A little Trojan Horse of a clause in a newly introduced finance bill could presage a quiet revolution across Britain’s city high streets.

Tucked away as part four of the five-part Local Government Finance Bill, the clause will allow the creation of property owner Business Improvement Districts (PO BIDs) – bodies which will be able collectively to invest in the improvement of their cities.

Owners of business properties will have the option to band together in a PO BID and beautify high streets and defined districts within their cities.

It’s something the CPS argued for in 2014 in its paper How to Privatise the High Street.

At a time when austerity has hit local government especially hard, the legislation offers a huge opportunity to allow commercial centres up and down the country to work in the interests of all. Council tax payers, visitors, consumers, council leaders and the Chancellor could all benefit.

At the moment, Business Improvement Districts (BIDs) are business-led and business-funded bodies formed to improve a defined commercial area. They allow local regeneration to be directed by local interests, while costing the taxpayer little or nothing.

Currently BIDs pay for significant but only smaller-scale enhancements to town and city centres – litter pickers, information wardens, hanging baskets and street signage. This is because only business tenants can contribute to projects, local property owners are excluded.

This is problematic, not least as tenants naturally tend to favour more short-term improvements to their local area. In contrast, property owners typically have much deeper, and consequently longer-term, ties to a local area and will therefore favour longer-term redevelopments.

But having listened to a number of interested parties, including the Northern BIDs Group and the Centre for Policy Studies, the Department for Communities and Local Government has agreed to extend the new model of PO BIDs to the rest of the country.

As such, we can reasonably hope to see some big investments to our cities paid for by businesses, which will in turn drive a return by increased sales.

Evidence also shows that such investment will drive up business property prices and therefore the local business rate which benefits the council and residents. It also increases profit, resulting in higher tax and VAT returns to the exchequer.

This optimism surrounding PO BIDs is also founded squarely on three pieces of evidence.

First, PO BIDs are already running successfully in London. The London BIDs include The New West End Company, based around Oxford Street and Bond Street, and the Heart of London BID, based around Piccadilly and Leicester Square.

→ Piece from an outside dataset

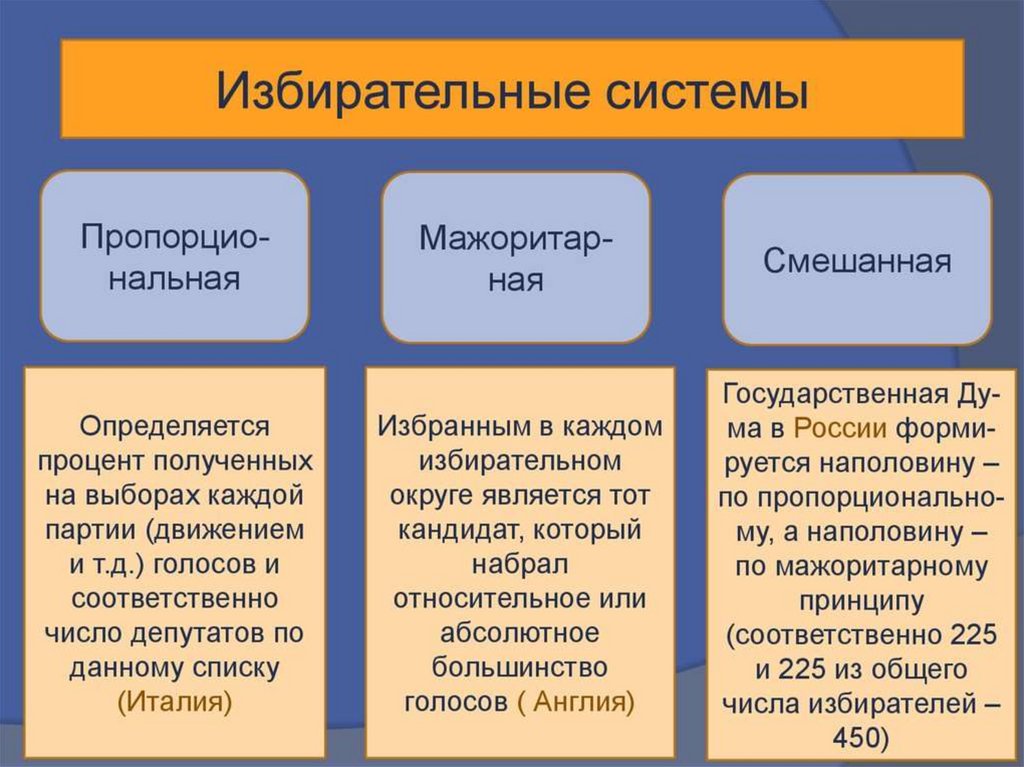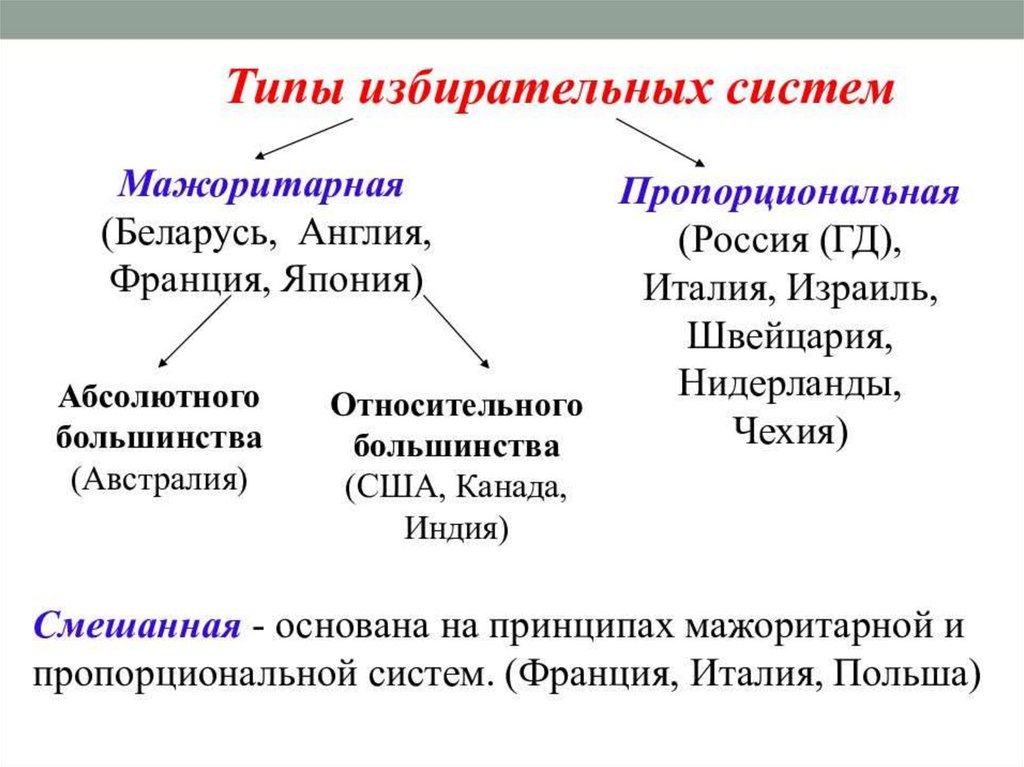 система; мажоритарная и пропорциональная избирательные

Second, they have transformed city centres across Germany and the US. Property owner BIDs in Hamburg have seen a rise in investment, trade and commercial property prices since it was implemented.

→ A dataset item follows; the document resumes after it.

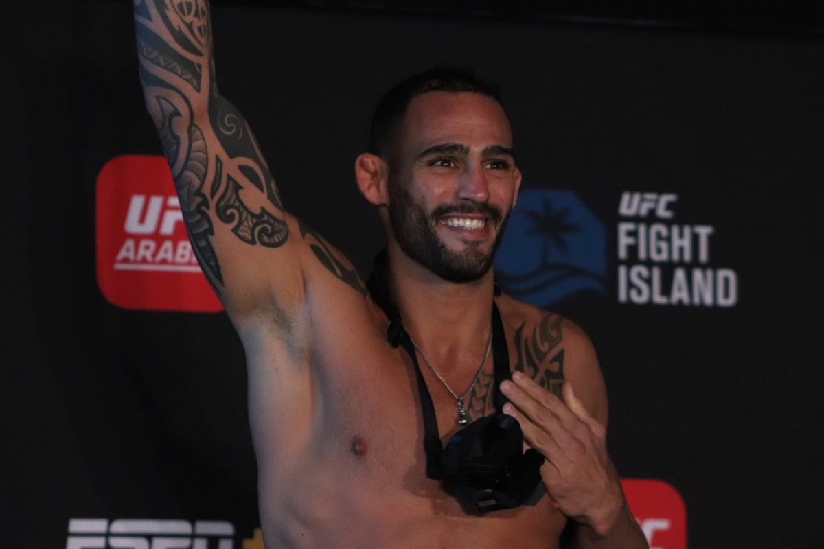 Sem competir desde novembro de 2018, o ex-participante do ‘TUF Brasil’ só encarou a balança quando faltavam 30 minutos para o final da cerimônia e registrou 77.5 kg, o limite dos meio-médios. Neste sábado, o argentino encara Li Jingliang, que bateu 400 gramas a menos.

And finally, outside of London, BIDs have been clamouring for the new format – there is a head of steam, and a passion to make them work. Sean Bullick, CEO of the Newcastle BID, NE1 has described the new format as: “A potentially revolutionary opportunity for the UK’s cities to put themselves on a par with London and the great metropolises of the world.”

Another advantage of PO BIDs is that when property owners get together, they can decide what sort of tenants they want to populate a street or centre. They can choose what shops, restaurants and entertainers move into their properties.

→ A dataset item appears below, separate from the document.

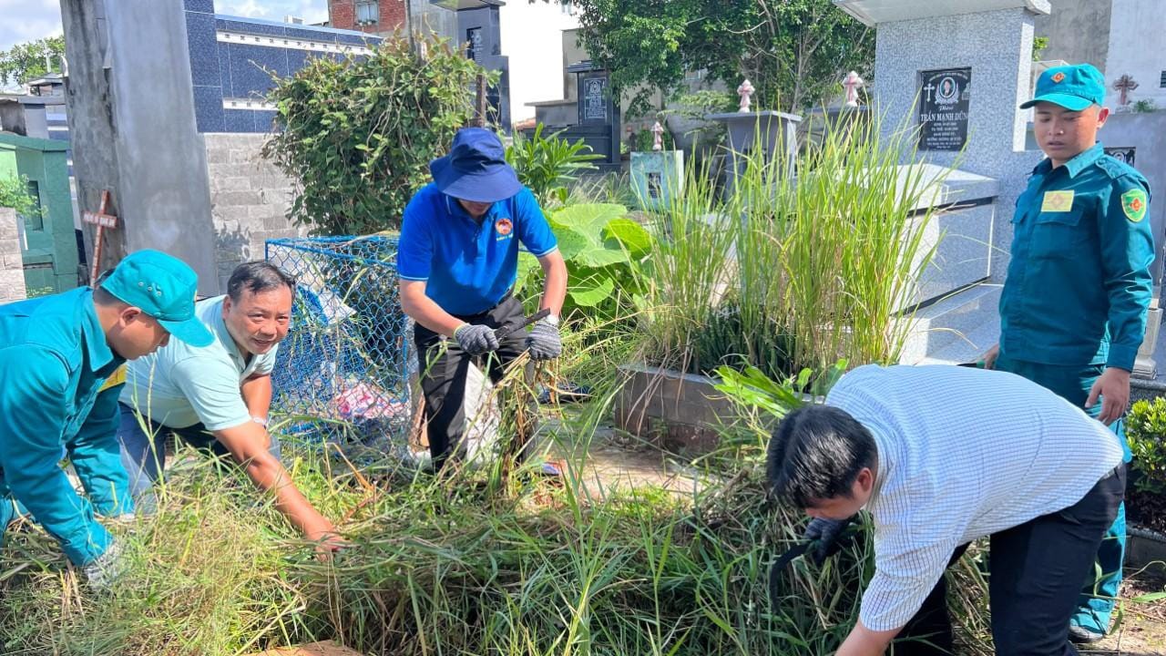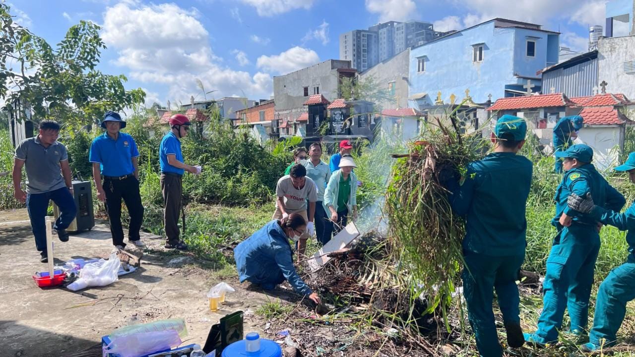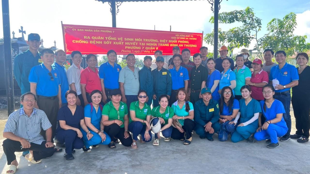 Sáng 17/9, Ủy ban nhân dân - Ủy ban Mặt trận Tổ quốc các đoàn thể Phường 7 phối hợp với Hội đồng mục vụ Giáo xứ Bình An Thượng tổ chức tổng vệ sinh môi trường tại khu vực nghĩa trang Bình An Thượng là điểm có nguy cơ cao phát sinh lăng quăng gây dịch bệnh sốt xuất huyết.

They become curators who can create a brand, a look and a feel, perhaps by creating a culinary hub, or a theatre district or a high-end fashion area.

And to maintain the brand and the ambience, they can – and do – pay for superfast and regular cleaning, they coordinate deliveries of stock so that traffic and pedestrians aren’t threatened by trucks, and they carry out repairs to paving and street furniture instantly. It’s in their interests to look after our interests.

At the moment DCLG believes that the BIDs most likely to benefit from the new legislation are the larger city BIDs where there is already strong support from property owners.

A recent briefing flags up current BIDS like Retail Birmingham, Broadmead Bristol, Leeds BID, Liverpool BID, Heart of Manchester BID and NE1 BID (Newcastle) as likely destinations.

However, while the British Property Federation is pleased to see the government extending the possibility of property owner BIDs outside London, there is one caveat.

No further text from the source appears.